Author: Howard Levitt
Publication: National Post

Ashocking $500,000 award, by a labour relations arbitrator against the Greater Toronto Airport Authority, for a $50,000-a-year employee, has stunned employers.
The arbitrator, Owen Shime, justified this massive award by citing the breach of an invented “mental security” provision supposedly implied in every collective agreement. “In my view, one of the main purposes of a collective agreement is to provide employees with “psychological benefit” and “mental security” in being gainfully employed,” he said, adding that “the object of the collective agreement to both secure a psychological benefit and also mental security was within the reasonable contemplation of the parties and mental distress damages arising from the breach are recoverable.”
In the many collective agreements I have conducted in 30 years of practice, I have yet to meet an employer who contemplated the “object of the collective agreement” to be either “psychological benefit” or “mental security” for its employees. No surprise then that unionized employees greeted this award with delight and employers with incredulity. The GTAA is seeking judicial review.
Like many employers, it faced a costly absenteeism problem, which it was trying to limit through an attendance-monitoring program. The grievor, a fleet co-ordinator, had taken a four-week leave after surgery. Because of her relationship with another employee under scrutiny for false sick leave, she was placed under observation. Her partner was fired for sick leave fraud.
After obtaining videotape evidence of the grievor, while on leave, establishing mobility inconsistent with her claim of being unable to work, she was asked if could return to work in an accommodated role. She returned one week early, but instead of discussing accommodation, the GTAA asked her to report with her union representative to a meeting two days later, purportedly to discuss what work she could perform.

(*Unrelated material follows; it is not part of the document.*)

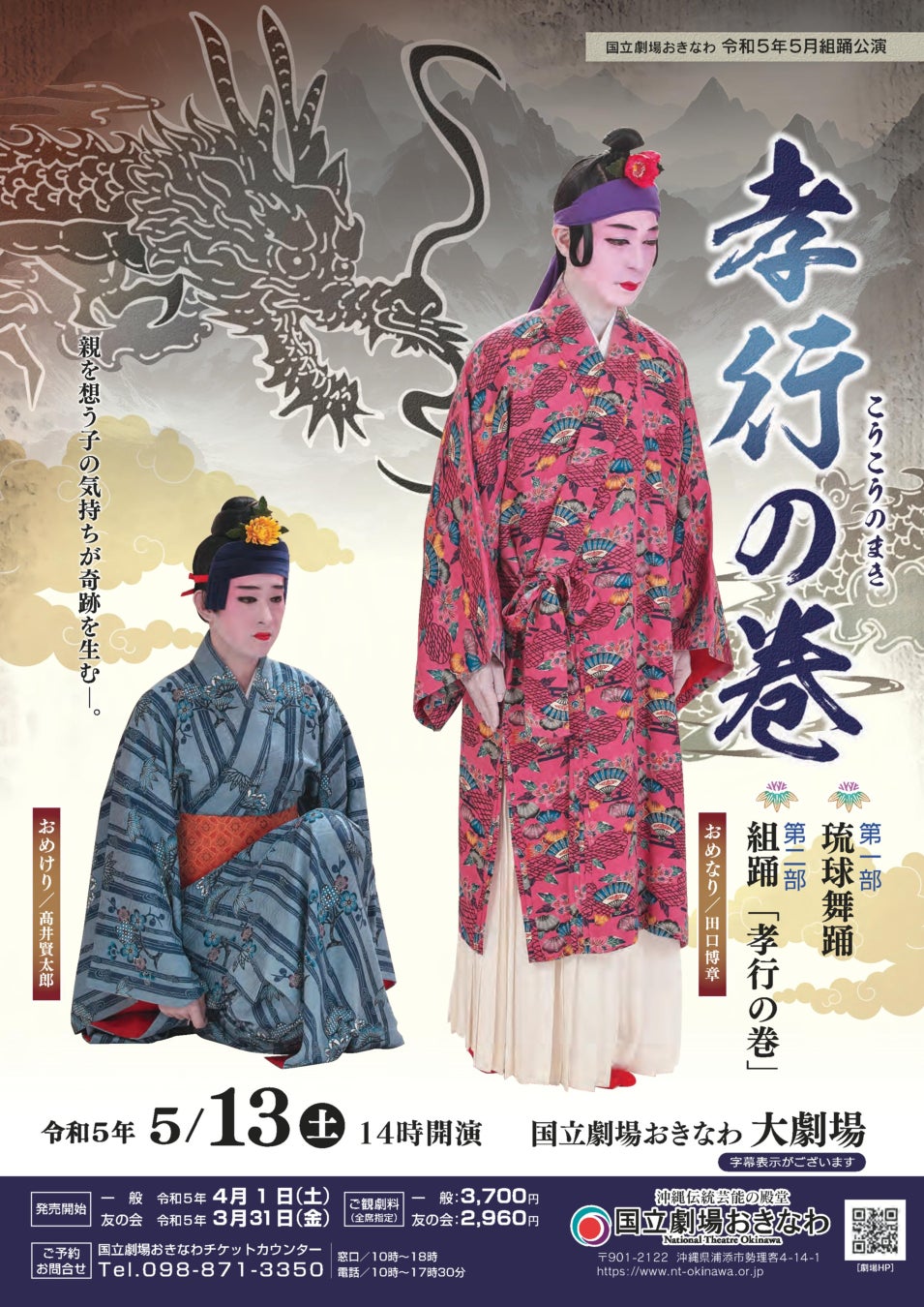 組踊「孝行の巻」は、沖縄県中頭郡嘉手納町に伝わる「屋良漏池(やらむるち)の伝説」に由来しており、大蛇の登場や観音の降臨など他の組踊では見られない仕掛けも見どころです。今回は、立方指導に宮城能鳳氏、地謡指導に城間德太郎氏を迎え、人間国宝両雄による技芸の継承をお届けします。

During that meeting, the GTAA asked questions regarding her physical limitations and addressed inconsistencies based on its videotaped evidence. She was suspended and subsequently terminated for being absent from work dishonestly.
The arbitrator found that the GTAA ignored supporting evidence and failed to consult medical experts to support its view of the grievor’s dishonesty relating to her condition. He took into account the GTAA’s knowledge she had suffered post-traumatic stress caused by physical and sexual abuse from her then husband that could be retriggered by being terminated and labelled as dishonest. The grievor was subsequently re-employed, at $20,000 a year.
The arbitrator awarded her $400,000 for loss of past and future income, a sum equivalent to eight years of her salary and benefits, from the date of termination to the date of what would have been early retirement. In addition, there were punitive damages and damages for mental distress of $50,000 each, highly unusual in a union arbitration case.
Obliging employers to safeguard an employee’s “mental security” supposedly existent, although not in words, in every collective agreement, exposes employers to potentially crippling liability. If this decision stands, employers will be liable for the consequences of a breach of “mental security,” the basis and limits of which are as yet unascertained. From now on, difficult management decisions will habitually be met by the boilerplate allegation and accompanying grievance that affected employees’ “mental security” has been breached. A whirlwhind of new grievances has just been opened. And if the union doesn’t take the case, new complaints will be made to the labour board against the union.
The arbitrator’s decision is a caution to employers not to too hastily investigate suspected fraudulent sick leave claims, especially of long-service employees.
It veers into uncharted territory. It is not merely the award for mental security but the provision of damages to retirement. It equates a collective agreement to a security blanket, providing coverage from the cradle of hiring to retirement, and imposes on employers a positive obligation of trust and confidence relative to their employees. This effectively binds the employer to act in the best interests of its employees in an undetermined myriad of respects.
Such a finding means mental distress damages are foreseeable and recoverable whenever a breach of the collective agreement relating to “security of employment” can be shown. It is an open invitation to a deluge of new mental distress claims.
Unless this decision is overturned, employers are cautioned to do the following:
-Act with great circumspection before terminating unionized employees for cause;
-Follow the terms of the collective agreement scrupulously;
-Conduct investigations thoroughly;
-Seek expert advice whenever necessary to support your conclusions;
-Consider references, relocation counselling, continued EAP assistance, psychologocal counselling, job search assistance and other services to ensure employees’ mental equanimity is minimally impaired.
Howard Levitt is senior partner of Levitt LLP, employment and labour lawyers. He practises employment law in eight provinces and is author of The Law of Hiring in Canada, soon to be released.